Data records:
'''

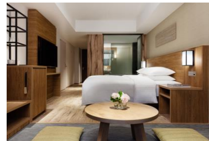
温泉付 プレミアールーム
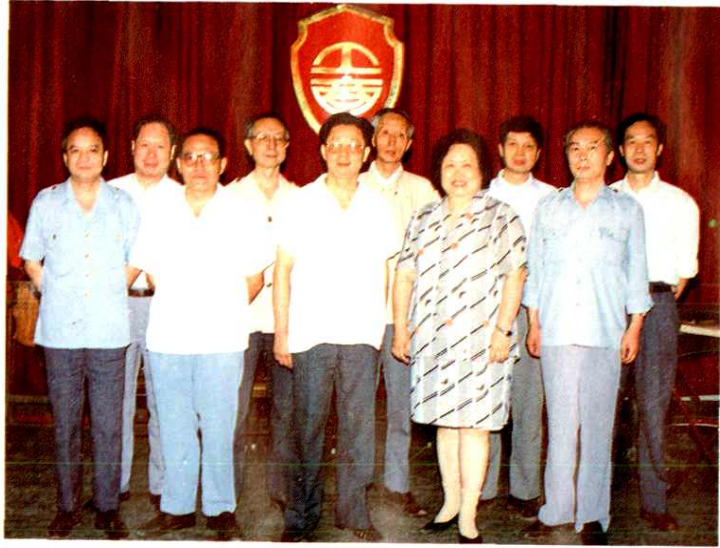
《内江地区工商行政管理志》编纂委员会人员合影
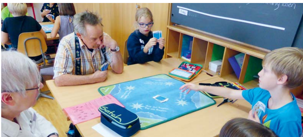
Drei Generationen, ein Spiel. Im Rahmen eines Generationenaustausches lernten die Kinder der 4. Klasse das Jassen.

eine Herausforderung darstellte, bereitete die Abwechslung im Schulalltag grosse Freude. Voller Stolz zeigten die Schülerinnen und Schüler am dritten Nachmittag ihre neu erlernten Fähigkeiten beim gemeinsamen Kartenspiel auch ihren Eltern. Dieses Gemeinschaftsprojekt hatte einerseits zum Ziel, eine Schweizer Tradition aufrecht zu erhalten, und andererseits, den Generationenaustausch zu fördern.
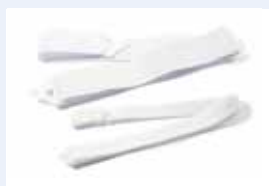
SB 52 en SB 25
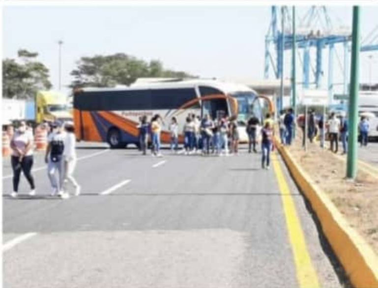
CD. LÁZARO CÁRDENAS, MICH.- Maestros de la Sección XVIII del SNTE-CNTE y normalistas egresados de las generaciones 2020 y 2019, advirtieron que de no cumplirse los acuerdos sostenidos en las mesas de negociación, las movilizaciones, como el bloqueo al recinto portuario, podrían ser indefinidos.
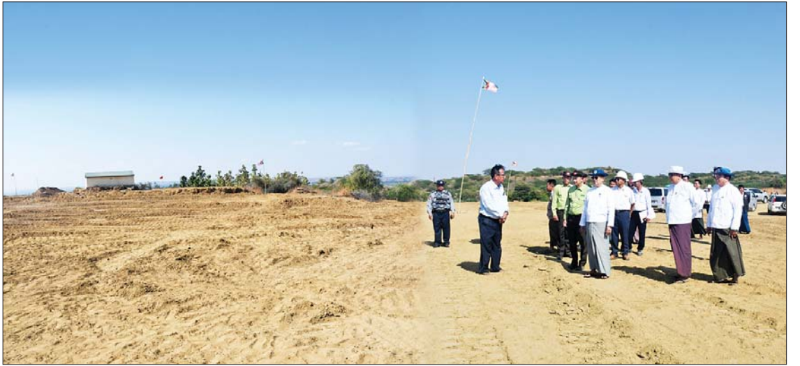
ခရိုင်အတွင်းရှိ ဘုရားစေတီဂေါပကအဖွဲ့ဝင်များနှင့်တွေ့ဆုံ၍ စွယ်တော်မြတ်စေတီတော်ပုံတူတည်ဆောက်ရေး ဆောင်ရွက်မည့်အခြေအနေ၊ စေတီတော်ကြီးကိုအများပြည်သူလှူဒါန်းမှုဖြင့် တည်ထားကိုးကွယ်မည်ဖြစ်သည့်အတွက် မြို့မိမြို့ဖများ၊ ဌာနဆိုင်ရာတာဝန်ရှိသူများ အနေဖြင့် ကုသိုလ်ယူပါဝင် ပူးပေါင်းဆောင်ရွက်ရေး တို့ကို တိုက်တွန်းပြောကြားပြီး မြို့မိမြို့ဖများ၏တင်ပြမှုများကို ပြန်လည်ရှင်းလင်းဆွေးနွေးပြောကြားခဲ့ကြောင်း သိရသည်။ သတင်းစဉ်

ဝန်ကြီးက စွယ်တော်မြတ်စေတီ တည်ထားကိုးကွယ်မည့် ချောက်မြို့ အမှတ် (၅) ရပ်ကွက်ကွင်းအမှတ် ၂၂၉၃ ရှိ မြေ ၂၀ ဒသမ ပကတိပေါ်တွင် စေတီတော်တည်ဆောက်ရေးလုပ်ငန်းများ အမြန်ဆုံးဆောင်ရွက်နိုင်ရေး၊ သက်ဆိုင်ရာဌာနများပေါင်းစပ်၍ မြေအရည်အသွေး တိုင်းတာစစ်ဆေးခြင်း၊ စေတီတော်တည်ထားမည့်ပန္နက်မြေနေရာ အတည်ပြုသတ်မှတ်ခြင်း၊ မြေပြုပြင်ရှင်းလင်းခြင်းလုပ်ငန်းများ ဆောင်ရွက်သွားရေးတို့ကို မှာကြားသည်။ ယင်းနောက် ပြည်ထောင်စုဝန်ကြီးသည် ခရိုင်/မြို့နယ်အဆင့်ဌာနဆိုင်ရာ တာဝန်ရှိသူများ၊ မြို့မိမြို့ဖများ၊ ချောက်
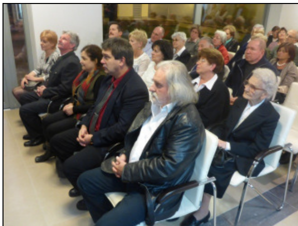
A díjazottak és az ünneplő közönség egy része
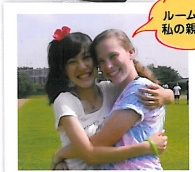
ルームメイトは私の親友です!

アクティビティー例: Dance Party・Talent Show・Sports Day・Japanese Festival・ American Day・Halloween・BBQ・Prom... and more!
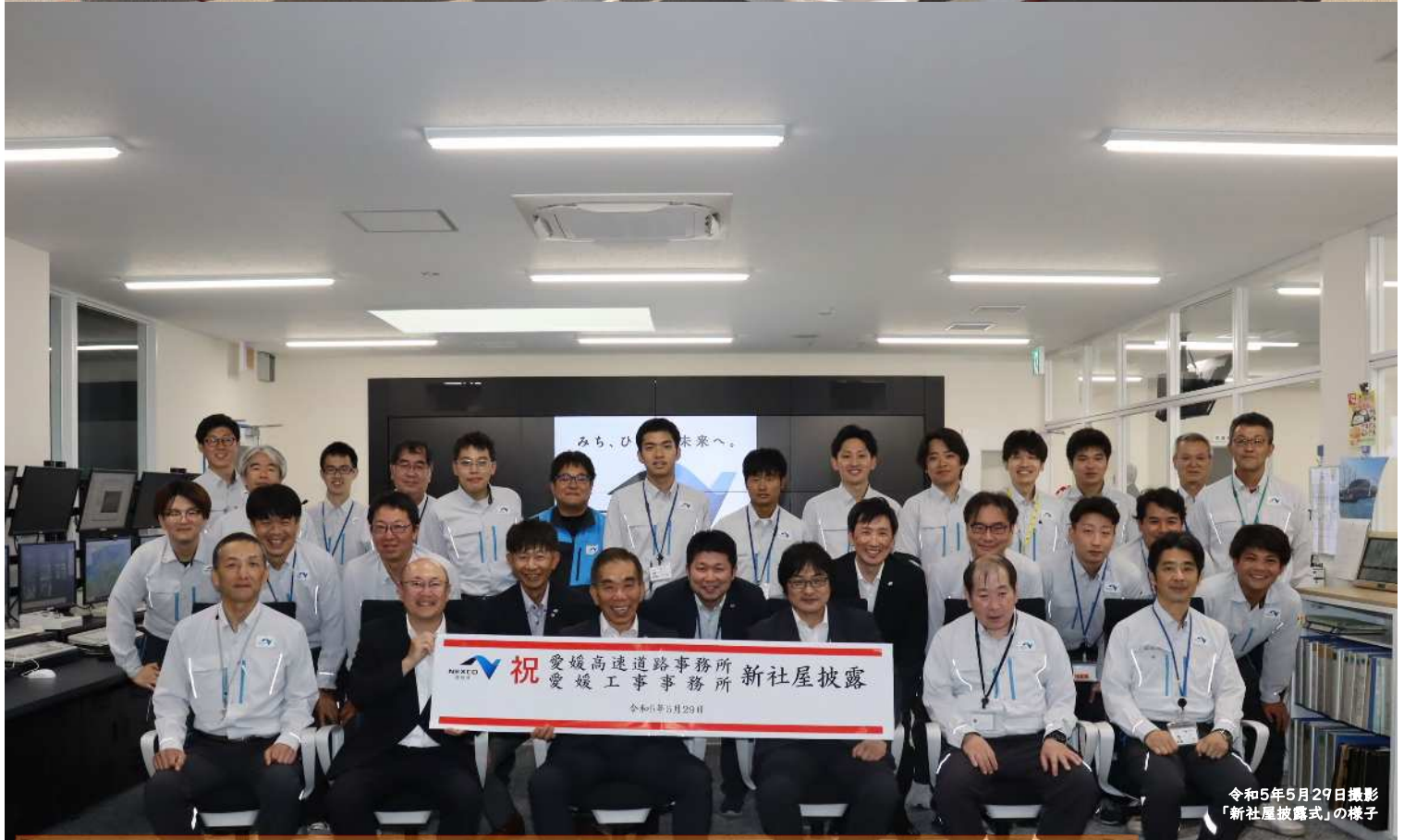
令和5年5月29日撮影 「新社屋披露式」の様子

'''

■ TASK
Repeat the lines above, starting at the first and stopping after the line that holds "ပြန်လည်ရှင်းလင်းဆွေးနွေးပြောကြားခဲ့ကြောင်း သိရသည်။ သတင်းစဉ်", with the pictures left out.

■ RESULT OF THIS EXERCISE
温泉付 プレミアールーム
《内江地区工商行政管理志》编纂委员会人员合影
Drei Generationen, ein Spiel. Im Rahmen eines Generationenaustausches lernten die Kinder der 4. Klasse das Jassen.

eine Herausforderung darstellte, bereitete die Abwechslung im Schulalltag grosse Freude. Voller Stolz zeigten die Schülerinnen und Schüler am dritten Nachmittag ihre neu erlernten Fähigkeiten beim gemeinsamen Kartenspiel auch ihren Eltern. Dieses Gemeinschaftsprojekt hatte einerseits zum Ziel, eine Schweizer Tradition aufrecht zu erhalten, und andererseits, den Generationenaustausch zu fördern.
SB 52 en SB 25
CD. LÁZARO CÁRDENAS, MICH.- Maestros de la Sección XVIII del SNTE-CNTE y normalistas egresados de las generaciones 2020 y 2019, advirtieron que de no cumplirse los acuerdos sostenidos en las mesas de negociación, las movilizaciones, como el bloqueo al recinto portuario, podrían ser indefinidos.
ခရိုင်အတွင်းရှိ ဘုရားစေတီဂေါပကအဖွဲ့ဝင်များနှင့်တွေ့ဆုံ၍ စွယ်တော်မြတ်စေတီတော်ပုံတူတည်ဆောက်ရေး ဆောင်ရွက်မည့်အခြေအနေ၊ စေတီတော်ကြီးကိုအများပြည်သူလှူဒါန်းမှုဖြင့် တည်ထားကိုးကွယ်မည်ဖြစ်သည့်အတွက် မြို့မိမြို့ဖများ၊ ဌာနဆိုင်ရာတာဝန်ရှိသူများ အနေဖြင့် ကုသိုလ်ယူပါဝင် ပူးပေါင်းဆောင်ရွက်ရေး တို့ကို တိုက်တွန်းပြောကြားပြီး မြို့မိမြို့ဖများ၏တင်ပြမှုများကို ပြန်လည်ရှင်းလင်းဆွေးနွေးပြောကြားခဲ့ကြောင်း သိရသည်။ သတင်းစဉ်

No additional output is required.